Moderators can delete any answer, even if it's accepted. (I believe that back when this question was posted moderators could not delete accepted answers.) So flag your post and explain why you want it deleted.

I recommend editing your answer to explain your mistake nonetheless, otherwise visitors who see your answer before the flag is handled might get the wrong idea and users who can see deleted answers (or even yourself later) might wonder why a good-looking answer was deleted.

You should also leave a comment to make sure that the asker is notified that what he believed to be correct is wrong after all.

This is a sufficiently rare occurrence that I think involving a moderator is reasonable.


I agree a user should be able to delete an accepted answer. I don't think this requires any system of "giving away" accepted answers. We only require something simple: delete an accepted answer and that question no longer has an accepted answer. The OP can choose another one.

Actually I take that back: can't you just edit your answer to be correct?

  • 8
    @cletus: I've edited my answer in this case so it's correct, but that feels morally low. In this case Luis noticed the problem with my answer, posted his own entirely correct one, and deserves the accepted answer and the benefit of being topmost. On the other hand, with another 5 votes to my answer, he'll get the populist badge :)
    – Jon Skeet
    Aug 17, 2009 at 15:19
  • If you "take that back", it would better you delete your answer. Just like we should be able to delete any answer, even accepted ones. Jan 29, 2013 at 14:25

Same situation I am facing.

A new comer asked some crappy kind of question, very difficult to understand. Even though I tried to solve it.
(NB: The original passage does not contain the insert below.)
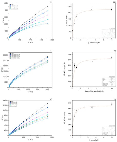 Nyquist plots and binding curves fitting of 1-octen-3-ol, trans-2-hexen-1-ol, and hexanal. Nyquist plots represent the impedance response of the biosensor to increasing concentrations of 1-octen-3-ol (a), trans-2-hexen-1-ol (c), and hexanal (e). As a consequence of the binding events at the interface, the impedance of the electrochemical system increases at increasing concentrations of the VOC samples. Binding curves were obtained by plotting the change in impedance at 0.1 Hz as a function of 1-octen-3-ol (b), trans-2-hexen-1-ol (d), and hexanal (f) concentration. The fitting curves, obtained by a non-linear function, are highlighted in red color.

She accepted, But after 1 day I got one downvote. Once again I got downvote. But the OP said, my answer helpd her.

I requested her to un-accept my answer. But she is not doing.

I would like to have a feature where you can delete even an accepted answer.


Maybe we could add a voting mechanism for moving the check-mark. Users with enough rep could vote to remove a check from certain answers, or move the check to another answer.

Maybe it could be a mod tool.

I suspect that this feature wouldn't be used very often, and thus will likely not be implemented. Jeff has spoken about this here.

  • 1
    Mod tool would be good, removing the abuse possibility. Being able to flag an answer as "this is my answer, and it shouldn't be accepted" would be fine.
    – Jon Skeet
    Aug 17, 2009 at 14:26
  • Flagging for a mod sounds like a good idea.
    – jjnguy
    Aug 17, 2009 at 14:28
  • 3
    This is my answer. There are many like it, but this one is mine. My answer is my best friend. It is my life. I must master it as I master my life. My answer, without me, is useless. Without my answer, I am useless. I must answer my answers true. I must answer more correctly than any other. I must answer before he answer. I will...
    – perbert
    Aug 21, 2009 at 16:14
  • I like the comment. I don't understand it, but I like it.
    – jjnguy
    Aug 21, 2009 at 17:39

I believe editing the accepted answer (that you own, and thus can edit by definition) to point to the answer you believe to be more correct is sufficient in this case.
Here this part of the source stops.